I was sent a list of books they considered high points:
Still awaiting a proposal from other dealers, but in the meantime that I would send you the attached list of those books the women who’ve been helping Mrs Safire identified as special. Note that the spreadsheet has three tabs.
Will keep in touch,
Most of the books I had noted already. But one had escaped my scrutiny.
Some years I started putting in “Signed slips” into every autographed book that we came across.
We’ve gotten so many great signed books that we only discover by strict protocols in data entry. Some are discovered by chance. Some perhaps by instinct. Maybe sometimes by divine intervention.
You should really flag your autographed books with these.
One book on her list struck me.
“Can you send an image?”
I raised my bid on Mr Safire’s library by high four figures.
I waited and waited. Then sometime later, I saw a colleague in DC advertising the Safire Collection on Instagram. (I’m a bit of an IG junkie. I don’t Twitter or Facebook. Instagram is such a benign place. If you don’t like something you simply don’t “Like” it a move on. Debate is rare. Politics…if you’re foolish enough to pollute this sanctuary, people just move on. @wonderbookandvideo, @booksbythefoot, @merryandpippinlotr)
I’d been outbid?!
I reached out to my friend in DC.
“Sold to another dealer.”
“You only regret the book you didn’t buy,” is an old book lover’s aphorism. It was certainly apt here.

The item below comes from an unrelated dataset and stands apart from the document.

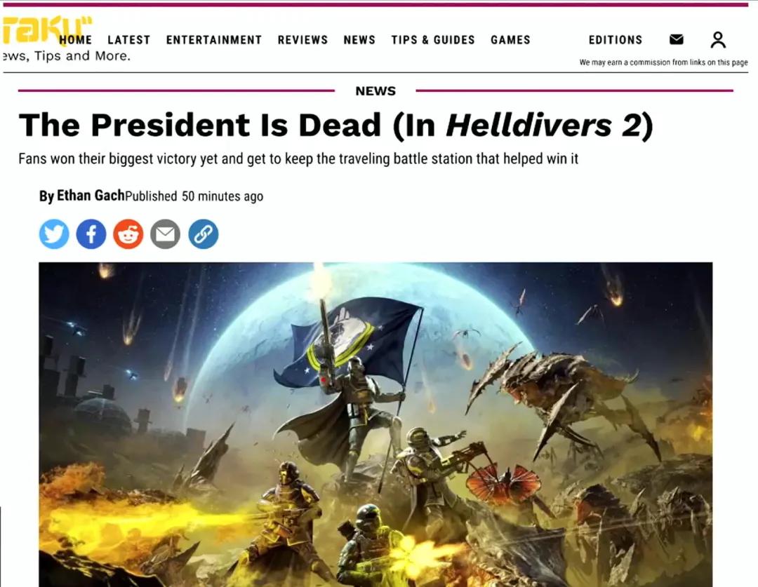 我们根本没料到会这样。于是,我们再次祭出了“免罪金牌”。在超级地球即将陷落之际,我们在游戏里发布了一则简报:“总统在他坚守的掩体中英勇牺牲。”

I’ve thought about that book often in the many months since then.
When I writing recently about the groundhog pockmarks in the field adjacent the warehouse, I dubbed that area the Lunar Landscape. For some reason, I reached out to the bookseller who had my “avatar.”
In the New Normal, we struck a deal. Payments over time.
I had my first edition of The First Men in the Moon. It was inscribed too.
But not by HG.
It is an “association copy.”
“Neil Armstrong Apollo 11.”
I imagine Safire had this autographed in the Nixon White House.
Maybe some things are meant to be.
Maybe my Book Muse had a hand in this.
Maybe it is time to get into the Safire collection and become a book man again.
Meanwhile, I just “Touched the Moon.”